Krivaja Zavidovići
- Full name: Nogometni klub Krivaja Zavidovići
- Founded: 22 June 1919; 107 years ago
- Ground: Gradski Stadion
- Capacity: 1,000
- Chairman: Adnan Haćimić
- Manager: Goran Brašnić
- League: Second League of FBiH Center
- 2025–26: Second League of FBiH Center, 3rd
| Home colours | Away colours |

= NK Krivaja Zavidovići =

Nogometni klub Krivaja Zavidovići (Football Club Krivaja Zavidovići, short NK Krivaja) is a professional football club based in Zavidovići, Bosnia and Herzegovina that competes in the Second League of the Federation of Bosnia and Herzegovina.

==History==
The club was founded in 1919 and thus became the first sports club in the town of Zavidovići.
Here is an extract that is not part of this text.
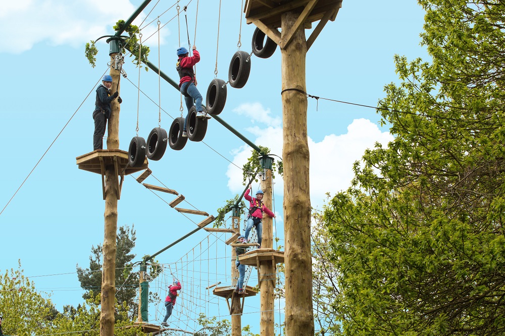 On the higher 'Challenger' course, set 8 metres from the ground, guests must tackle 19 tree-top obstacles including swing tyres, stepping stones and rope bridges before hurtling back to earth on a thrilling 85m zip wire. Tickets cost £24 for this 60-minute course.

An urban legend states that the first club meeting was held in local resident Mamil Musafija's restaurant. In the pre-Second World War period from the early 1930s until the Axis invasion of the Kingdom of Yugoslavia, the club was considered among the best in Bosnia and Herzegovina. After the end of the Second World War the club was reestablished and took part in lower levels of the Yugoslav league system. After the independence of Bosnia and Herzegovina, Krivaja has competed in the second and third-tier.

Krivaja is a regular member in the Second league of Federation of Bosnia and Herzegovina (third-tier).